24 May 2011

Book Progress

I'm now in the last stages of the Visible Mantra book. The text is finalised (though errors keep leaping out at me rather alarmingly) and I'm more or less happy with all of the images. I need to check the indexing and bibliography for consistency today, but it's probably only a day's work. This evening I'll pick up the cover art from my artist friend (my first glimpse which I'm a bit nervous about - I hope I like it!).
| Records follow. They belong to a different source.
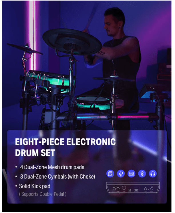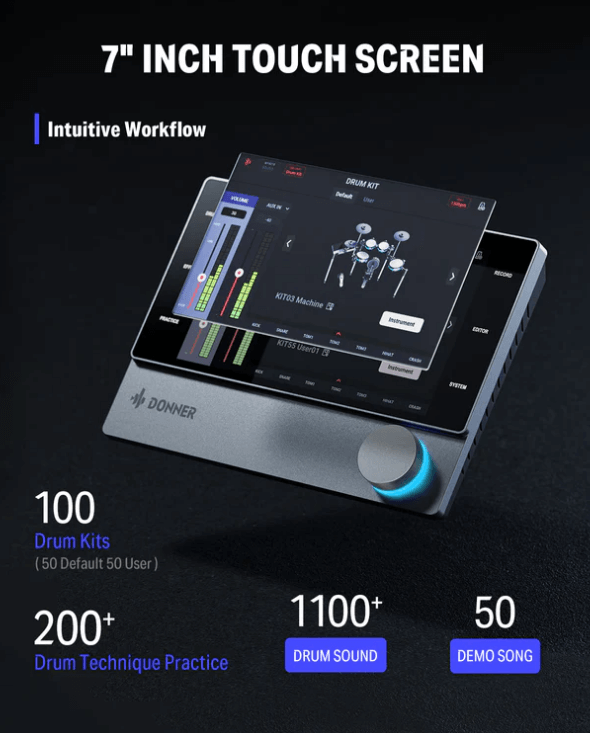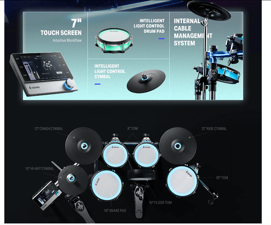 מערכת תופים אלקטרונית מרהיבה עם מסך טאץ’ BACKBEAT ותאורת לדים מבית DONNER
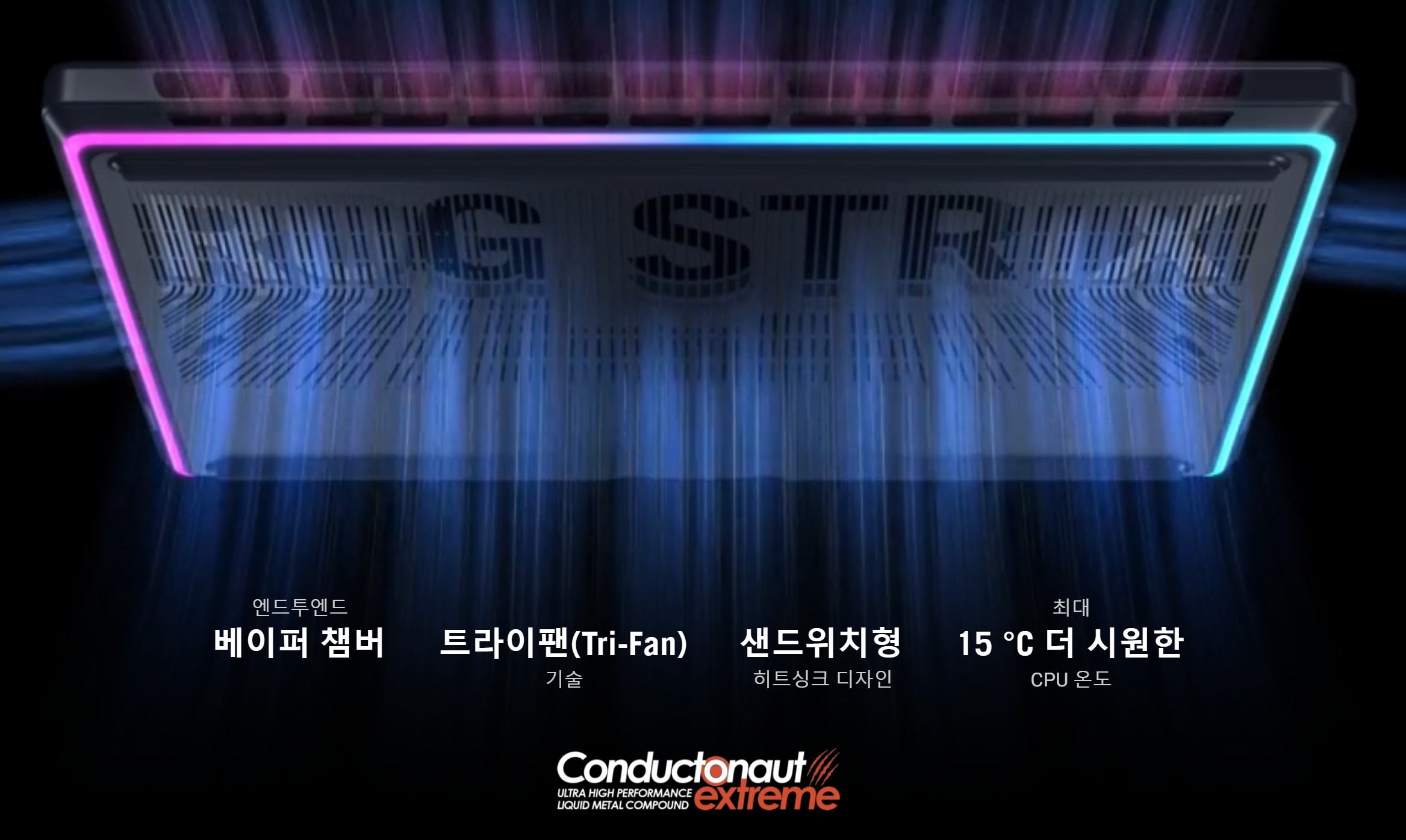 고성능 게이밍 노트북에서 발열 관리는 매우 중요한 요소입니다. 이번 ROG 스트릭스 2025 시리즈에서는 Tri-Fan 냉각 시스템과 리퀴드 메탈(액체 금속) 쿨링이 적용되었습니다.
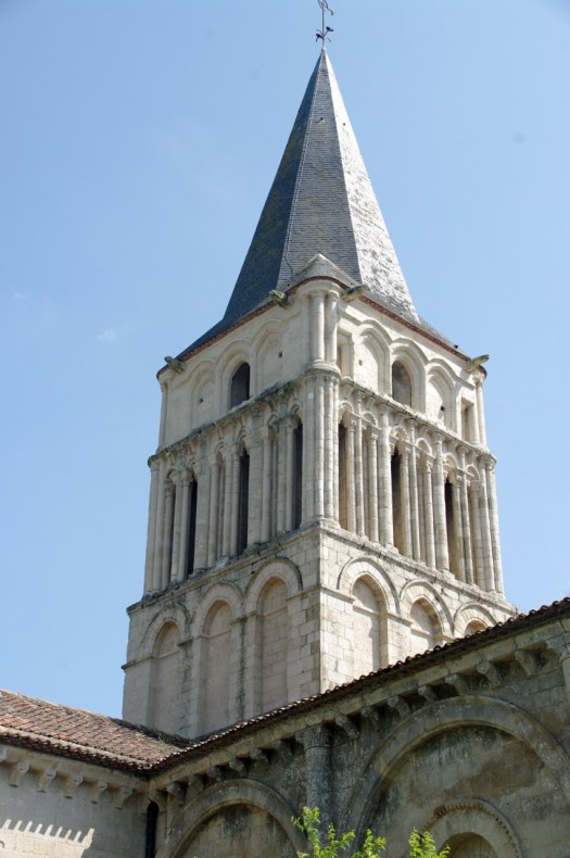 Queriendo aprovechar el tiempo, llegamos a la colegiata de San Pedro en Aulnay de Saintonge a primera hora de la tarde de un día soleado, que no es el mejor momento para conseguir buenas fotos. En cualquier caso, no hay cámara capaz de captar el encanto de este edificio, ubicado actualmente en las afueras del pueblo, junto a un cementerio merovingio, rodeado de jardines y arbolado. Fue mandado edificar por los canónigos de Poitiers entre los años 1130 y 1150. Verdaderamente, se esmeraron.

I need to have it scanned at hi resolution, and then create the cover itself.

Then I'm done... years, months, and weeks have telescoped into days.

My other project on reprinting Plato's Cratylus along with Kūkai's Shōji jissō gi ('Explaining Sound, word, reality') and Thomas Kasulis's article linking the two of them is going well. I have the permissions I need (at a price I can afford!) and I've commissioned Dr Margaret Magnus of Margo's Magical Letter Page to write an introduction to Plato and Sound Symbolism. I will write an introduction to Kūkai and some background on Shōji jissō gi. I'm thinking about soliciting a celebrity forward from someone. I'm excited about this bringing together of East and West. I don't expect to sell many copies, but it's a book I'd love to read!

Kūkai is much on my mind as the Visible Mantra project comes to fruition. I'm a non-fiction writer rather than a story teller, but I love the story of Kūkai's journey to China and it lacks a really good retelling in English. Yet another book I want to read, but may end up having to try to write!

23 May 2011

Brāhmī Script - causation formula in Pāli

ye dhammā hetuppabhāva
tesaṃ hetuṃ tathāgato āha
tesaṃ ca yo nirodho
evaṃ vādī mahāsamaṇo

Of those experiences that arise from a cause,
The Tathāgata has said, 'this is their cause',
And this is their cessation.
Thus the Great Striver teaches.

22 May 2011

Yig mgo and shad

I noticed this image on Wikipedia this morning under Mongolian writing systems. I've straightened it, cropped it, and saturated the colours to highlight the text. The image combines a number of scripts and helps to illustrate something I've been researching for my book. There are two lines of vertical phags pa script at either end and five lines of horizontal text in the following scripts:
  1. Lantsa
  2. dbu can
  3. soyombo (A Mongolian script based on dbu can)
  4. dbu can
  5. Classical Mongolian
The top line reads : *|| la kṣiṃ ja nya su kha hī paṃ ||
The next line reads: **|| la kṣiṃ dza nya sukha hī paṃ ||

This is not a mantra I'm familiar with, but in any case I was mainly interested to draw attention the the marks I have transcribed as * and ||.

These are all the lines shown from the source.